Winston is a Fire Horse. Who is surprised by that? Ha, he is definitely a challenge and sensitive. He does love to work though so it makes sense his next trait was Wood.

DaVinci is a Wood Horse, but with strong Earth traits too. I think he has changed over the years we have owned him. He probably was more Metal in the beginning and now Earth is edging out the Metal. I am really happy about where he is at mentally.

Rosemary is a Wood/ Earth/ Metal Horse. Not surprising for a Cob.  The Metal stems from her strong Herd mentality. She has Fire as the next nearest traits. The Fire probably stems from her Mare side. But first and foremost she is a workaholic.

Roscoe was tough, but I would say he is a Metal Horse. Earth and Wood were not far behind. I think being a Stallion pushes him more towards Metal, while the Cob brings out the Earth and Wood. He also had a dash of Fire probably inherited from his mother :)

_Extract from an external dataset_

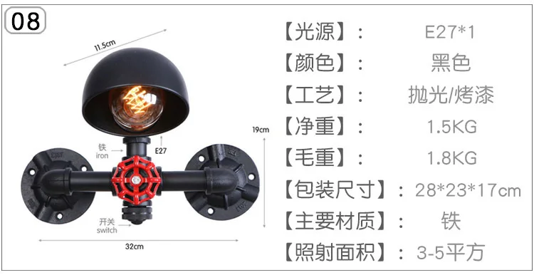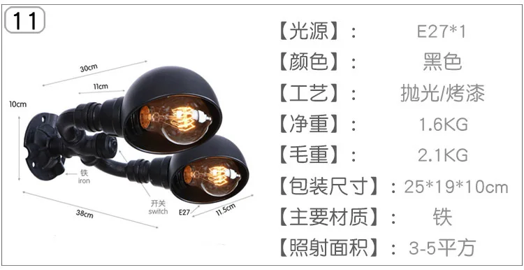 (Тип A-K) 220v водопроводная труба настенная лампа ретро промышленного черный Спальня Крытый подвесной светильник в декоративной железной одиночный/двойной настенный светильник приспособление

What I find interesting is that Joyce labeled Sherman as a Metal Horse when she worked on him. He shares so many traits with Roscoe that I guess they should share the same personality too. Barry was definitely a Wood horse. He had a strong personality and loved to compete. I did know a Water horse. He was owned by Peggy and battled Founder for years before he had to be put down. He was a worrier though and I think that contributed to him foundering, not once but three times.

Now it's your turn to evaluate your horse and see where they fall. Have Fun!!!